Shaw Jim, Marin Maximillian G, Li Heng
Department of Data Science, Dana-Farber Cancer Institute.
Department of Biomedical Informatics, Harvard Medical School.
bioRxiv. 2025 Sep 6:2025.09.05.674543. doi: 10.1101/2025.09.05.674543.

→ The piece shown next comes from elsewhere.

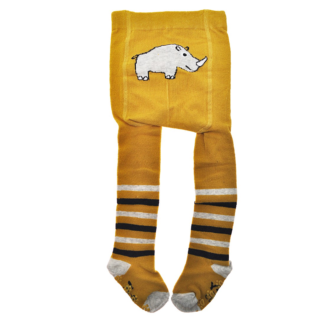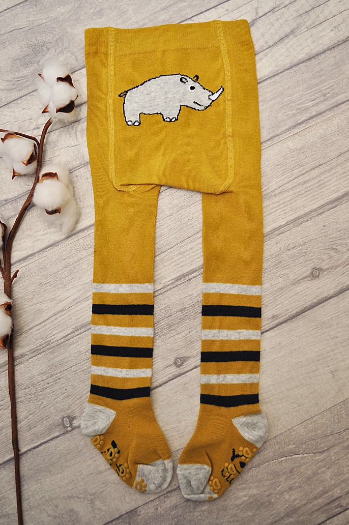 Musztardowe rajstopki z nosorożcem na pupie i ABS na podeszwach stópek.

Long-read metagenome assembly promises complete genomic recovery from microbiomes. However, the complexity of metagenomes poses challenges. We present myloasm, a metagenome assembler for PacBio HiFi and Oxford Nanopore Technologies (ONT) R10.4 long reads. Myloasm uses polymorphic k-mers to construct a high-resolution string graph and then leverages differential abundance for graph simplification. On real-world ONT metagenomes, myloasm assembled three times more complete circular contigs than the next-best assembler. Myloasm can make ONT and HiFi comparable for assembly: for a jointly sequenced gut metagenome, myloasm with ONT assembled more complete circular genomes than any assembler with HiFi. Myloasm recovers previously inaccessible within-species diversity; we recovered six complete single-contig genomes from a gut metagenome and eight complete TM7 (Saccharibacteria) contigs with > 93% similarity from an oral metagenome. With this improved resolution, we resolved two 98% similar antibiotic resistance genes spreading through distinct strain-specific mobile genetic elements in a human gut.
长读长宏基因组组装有望从微生物群落中完整恢复基因组。然而,宏基因组的复杂性带来了挑战。我们展示了Myloasm,一种用于PacBio HiFi和牛津纳米孔技术(ONT)R10.4长读长的宏基因组组装器。Myloasm使用多态性k-mer构建高分辨率字符串图,然后利用差异丰度简化图。在真实世界的ONT宏基因组上,Myloasm组装的完整环状重叠群比次优组装器多两倍。Myloasm可以使ONT和HiFi在组装方面具有可比性:对于联合测序的肠道宏基因组,使用ONT的Myloasm组装的完整环状基因组比任何使用HiFi的组装器都多。Myloasm恢复了以前无法获得的种内多样性;我们从肠道宏基因组中恢复了6个完整的单重叠群基因组,从口腔宏基因组中恢复了8个相似度>93%的完整TM7(糖细菌)重叠群。有了这种提高的分辨率,我们解析了两个相似度为98%的抗生素抗性基因,它们通过不同的菌株特异性移动遗传元件在人类肠道中传播。